Dataset records

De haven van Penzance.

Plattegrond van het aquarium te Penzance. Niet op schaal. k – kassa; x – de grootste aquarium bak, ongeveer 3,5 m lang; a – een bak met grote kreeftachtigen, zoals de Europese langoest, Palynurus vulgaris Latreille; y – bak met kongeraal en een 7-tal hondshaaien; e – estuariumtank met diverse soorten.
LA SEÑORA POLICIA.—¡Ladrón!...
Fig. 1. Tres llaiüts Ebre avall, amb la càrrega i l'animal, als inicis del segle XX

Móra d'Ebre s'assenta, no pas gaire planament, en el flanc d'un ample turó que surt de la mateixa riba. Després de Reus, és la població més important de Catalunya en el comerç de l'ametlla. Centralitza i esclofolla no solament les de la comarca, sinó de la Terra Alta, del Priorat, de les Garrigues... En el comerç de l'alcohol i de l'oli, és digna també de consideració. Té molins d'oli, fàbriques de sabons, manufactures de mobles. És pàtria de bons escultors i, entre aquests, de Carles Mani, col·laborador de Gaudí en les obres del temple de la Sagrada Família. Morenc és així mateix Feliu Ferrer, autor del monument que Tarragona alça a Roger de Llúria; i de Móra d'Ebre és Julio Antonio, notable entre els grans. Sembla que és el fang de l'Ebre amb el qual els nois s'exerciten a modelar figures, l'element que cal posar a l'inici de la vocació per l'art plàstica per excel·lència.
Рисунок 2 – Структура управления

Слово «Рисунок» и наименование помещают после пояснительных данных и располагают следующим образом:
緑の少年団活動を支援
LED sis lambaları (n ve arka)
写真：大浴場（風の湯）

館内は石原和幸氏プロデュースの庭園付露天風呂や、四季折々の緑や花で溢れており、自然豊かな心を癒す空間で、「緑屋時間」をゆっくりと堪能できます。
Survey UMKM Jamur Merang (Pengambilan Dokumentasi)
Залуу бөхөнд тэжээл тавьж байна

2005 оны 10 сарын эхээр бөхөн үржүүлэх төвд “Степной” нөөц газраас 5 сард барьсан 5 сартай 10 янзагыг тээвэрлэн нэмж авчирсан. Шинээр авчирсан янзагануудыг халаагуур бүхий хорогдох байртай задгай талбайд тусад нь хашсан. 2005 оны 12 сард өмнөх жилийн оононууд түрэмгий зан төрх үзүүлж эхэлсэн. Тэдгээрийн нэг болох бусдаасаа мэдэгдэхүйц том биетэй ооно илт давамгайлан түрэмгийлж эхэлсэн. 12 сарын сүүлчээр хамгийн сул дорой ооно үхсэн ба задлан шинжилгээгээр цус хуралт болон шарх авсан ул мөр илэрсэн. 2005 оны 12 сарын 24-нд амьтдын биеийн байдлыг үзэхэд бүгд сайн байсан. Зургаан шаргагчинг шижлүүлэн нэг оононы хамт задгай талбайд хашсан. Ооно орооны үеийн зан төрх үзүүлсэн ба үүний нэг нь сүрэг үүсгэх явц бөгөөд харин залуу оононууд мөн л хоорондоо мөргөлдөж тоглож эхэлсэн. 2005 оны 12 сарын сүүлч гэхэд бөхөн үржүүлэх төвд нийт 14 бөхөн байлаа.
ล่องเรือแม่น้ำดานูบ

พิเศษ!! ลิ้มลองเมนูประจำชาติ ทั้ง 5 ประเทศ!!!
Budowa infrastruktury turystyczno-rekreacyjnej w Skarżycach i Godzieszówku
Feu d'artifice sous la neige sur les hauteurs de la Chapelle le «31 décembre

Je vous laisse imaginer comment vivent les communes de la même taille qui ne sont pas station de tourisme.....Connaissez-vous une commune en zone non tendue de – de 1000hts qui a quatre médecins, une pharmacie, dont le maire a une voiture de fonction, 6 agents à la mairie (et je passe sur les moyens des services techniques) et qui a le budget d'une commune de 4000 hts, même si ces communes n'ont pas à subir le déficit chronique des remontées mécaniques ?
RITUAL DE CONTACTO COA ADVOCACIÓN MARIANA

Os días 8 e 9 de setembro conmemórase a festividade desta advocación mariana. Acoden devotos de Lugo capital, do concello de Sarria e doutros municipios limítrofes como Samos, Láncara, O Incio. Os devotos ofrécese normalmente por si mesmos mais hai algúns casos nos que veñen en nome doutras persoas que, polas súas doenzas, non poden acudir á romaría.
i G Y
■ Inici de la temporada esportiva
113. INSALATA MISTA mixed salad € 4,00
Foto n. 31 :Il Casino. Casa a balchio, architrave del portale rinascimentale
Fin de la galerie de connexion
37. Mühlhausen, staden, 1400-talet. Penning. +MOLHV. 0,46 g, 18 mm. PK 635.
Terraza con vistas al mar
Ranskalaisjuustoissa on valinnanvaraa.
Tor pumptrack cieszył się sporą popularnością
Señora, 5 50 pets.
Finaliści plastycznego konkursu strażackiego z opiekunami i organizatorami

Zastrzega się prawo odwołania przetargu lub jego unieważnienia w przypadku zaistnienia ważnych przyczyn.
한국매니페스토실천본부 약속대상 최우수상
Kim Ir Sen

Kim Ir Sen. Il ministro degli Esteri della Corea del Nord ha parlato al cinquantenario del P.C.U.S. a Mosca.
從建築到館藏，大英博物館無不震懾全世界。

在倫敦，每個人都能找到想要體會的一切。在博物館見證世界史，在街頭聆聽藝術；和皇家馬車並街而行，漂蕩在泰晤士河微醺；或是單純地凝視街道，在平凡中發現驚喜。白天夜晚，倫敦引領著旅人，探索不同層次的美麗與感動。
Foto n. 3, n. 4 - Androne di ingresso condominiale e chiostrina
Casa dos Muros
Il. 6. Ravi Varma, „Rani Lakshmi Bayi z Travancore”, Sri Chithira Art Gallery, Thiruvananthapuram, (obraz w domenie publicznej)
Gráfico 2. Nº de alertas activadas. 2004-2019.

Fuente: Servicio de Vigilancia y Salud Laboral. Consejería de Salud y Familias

→ Task brief
Within the data above, the lines from the one with "館内は石原和幸氏プロデュース" to the one with "Залуу бөхөнд тэжээл тавьж байна" must be repeated exactly; no other line belongs in the answer.

→ Solution below
館内は石原和幸氏プロデュースの庭園付露天風呂や、四季折々の緑や花で溢れており、自然豊かな心を癒す空間で、「緑屋時間」をゆっくりと堪能できます。
Survey UMKM Jamur Merang (Pengambilan Dokumentasi)
Залуу бөхөнд тэжээл тавьж байна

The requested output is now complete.